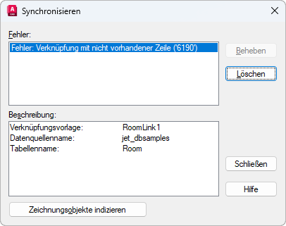 Das Dialogfeld Synchronisieren enthält eine Liste der festgestellten Fehler. Bestimmte Fehler (beispielsweise die Änderung der Größe einer Spalte in der Quelldatenbanktabelle) können direkt über das Dialogfeld Synchronisieren behoben werden. Andere Fehler, wie zum Beispiel Verknüpfungen, die auf nicht vorhandene Datensätze verweisen, müssen in der Quelldatenbanktabelle korrigiert werden.
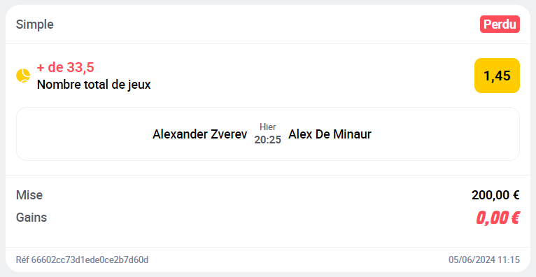 Zverev – De Minaur (🎾 ATP) => +33,5 jeux (1,45) ❌
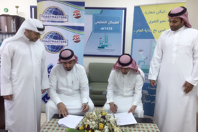 بادرت إدارة مدرسة المجيدية الثانوية بالقطيف متمثلة بقائدها مؤيد الشبركة بتأسيس نادي للتوستماسترز باللغة العربية على مستوى المنطقة، وذلك بعد توقيعها اتفاقية تدريب مع اندية التوستماسترز بالمملكة الذي مثلها عباس العبد رب الرضا يوم الأربعاء.
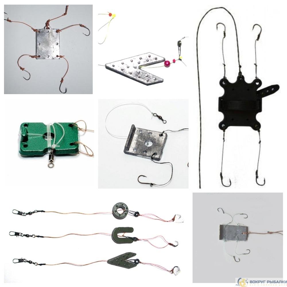 Если груз крепится вглухую, то есть, неподвижно, то он должен иметь специальную форму (плоскую или типа «ласточкин хвост»). При креплении брикета, он, как правило, плотно прилегает к грузилу. Для крепления макухи в центре кубика сверлится отверстие, через которое и осуществляется крепеж приманки. Поводки крепятся к концу основной лески с помощью карабина и вертлюжка.
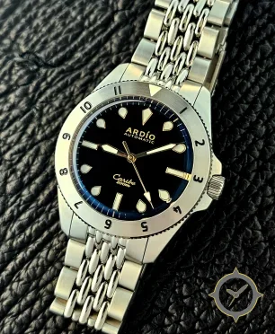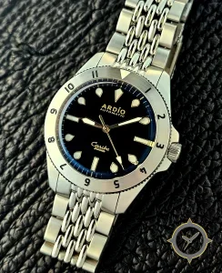 Eine Taucheruhr-Uhr mit einem 32.5mm Gehäuse im Vintage-Stil gefertigt aus Edelstahl mit einem Zifferblatt in schwarz und einer besonderen "glossy/lacquer"-Oberfläche.
=-=-=-=-=
Quote the entries above word for word. Leave the images out.

 Das Dialogfeld Synchronisieren enthält eine Liste der festgestellten Fehler. Bestimmte Fehler (beispielsweise die Änderung der Größe einer Spalte in der Quelldatenbanktabelle) können direkt über das Dialogfeld Synchronisieren behoben werden. Andere Fehler, wie zum Beispiel Verknüpfungen, die auf nicht vorhandene Datensätze verweisen, müssen in der Quelldatenbanktabelle korrigiert werden.
 Zverev – De Minaur (🎾 ATP) => +33,5 jeux (1,45) ❌
 بادرت إدارة مدرسة المجيدية الثانوية بالقطيف متمثلة بقائدها مؤيد الشبركة بتأسيس نادي للتوستماسترز باللغة العربية على مستوى المنطقة، وذلك بعد توقيعها اتفاقية تدريب مع اندية التوستماسترز بالمملكة الذي مثلها عباس العبد رب الرضا يوم الأربعاء.
 Если груз крепится вглухую, то есть, неподвижно, то он должен иметь специальную форму (плоскую или типа «ласточкин хвост»). При креплении брикета, он, как правило, плотно прилегает к грузилу. Для крепления макухи в центре кубика сверлится отверстие, через которое и осуществляется крепеж приманки. Поводки крепятся к концу основной лески с помощью карабина и вертлюжка.
 Eine Taucheruhr-Uhr mit einem 32.5mm Gehäuse im Vintage-Stil gefertigt aus Edelstahl mit einem Zifferblatt in schwarz und einer besonderen "glossy/lacquer"-Oberfläche.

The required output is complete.